Thanks in advance for any assistance!

DTP images issue.pdf (4.2 MB)

I’ve attached here the “original image” (exported from Apple Photos without any export conversion) so you can try and export it from Photos yourself using TIFF and PNG. (Shows as an image in this attachment)

I’ve also attached the resulting OCR’d PDF files - you can see even in Apple Preview the difference in sizes (though they’re both about the same in KB).

PNG version.pdf (74.3 KB) TIFF version.pdf (71.4 KB)

Thanks for the files. The reason the PNG version appears larger is the page size of the PDF is 10 times larger than it should be.

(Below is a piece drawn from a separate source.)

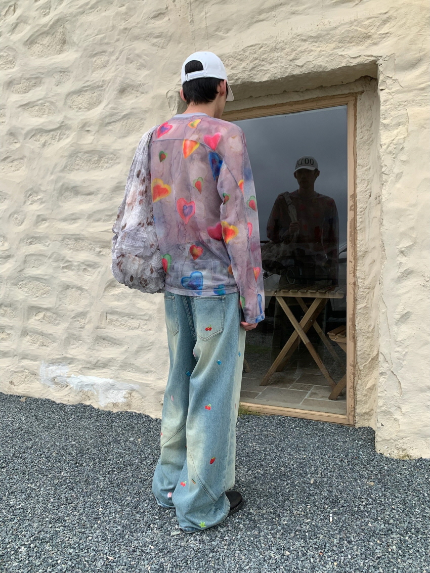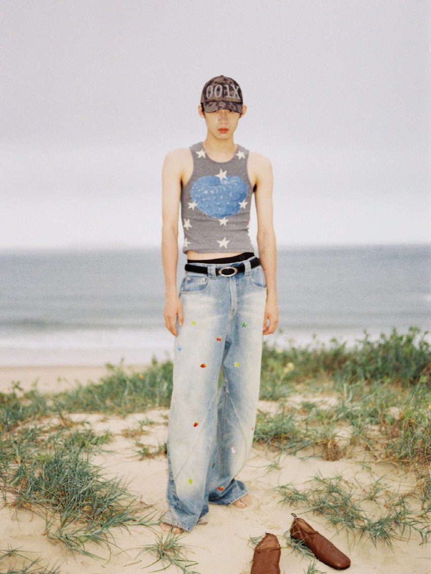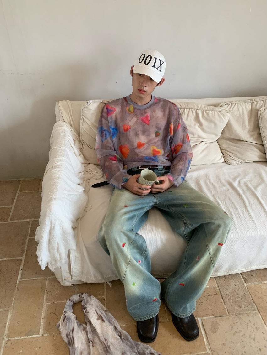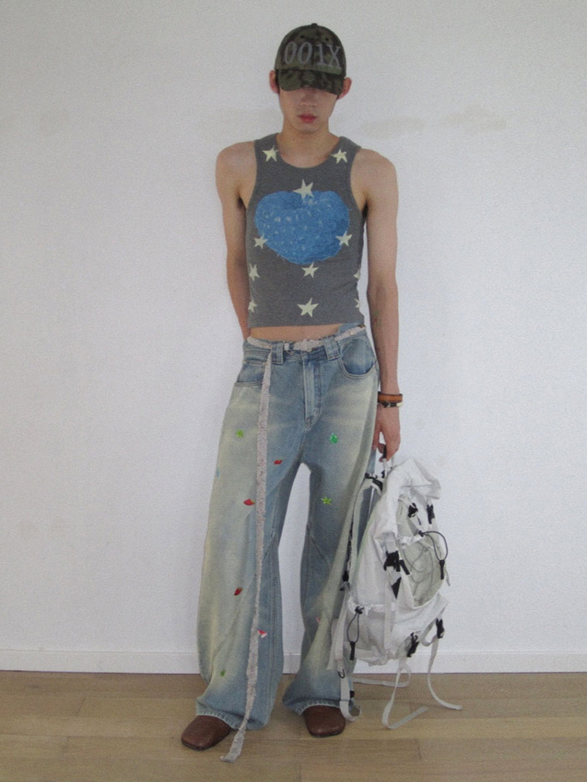 순면 데님 소재로 자연스러운 워싱과 사선주름으로 디테일을 주었으며 귀여운 과일 포인트가 더해진 일자 핏의 루즈한 데님 팬츠 입니다.

As yet I haven’t been able to reproduce the issue by OCRing a png converted from original jpg, so I am not sure whether the glitch occurred on export from photos or when the PDF file was generated by the ABBYY OCR. I will talk to ABBYY about this however it is unlikely that I will get any answer until the new year.

Do you know if there was a resolution to this in the end? Thanks so much.

I’m having the same problem with OCR’d PDF files. The uploaded file “View Corruption 1” shows the location of a rectangular anomaly on an OCR’d PDF file. The “View Corruption 2” file shows how the text in the anomaly moves by cursor input independently of the text outside the anomaly.

DT3.0 is the only app out of 7 PDF reading apps I have that has this problem. The forum shows this problem has been known by the good DT folks for six months, yet there seems to be no solution either in sight or in process. Please fix!

DT3.0

The latest version is 3.5. Which version of macOS do you use as DEVONthink does neither render the pages nor handle the mouse/text input on its own?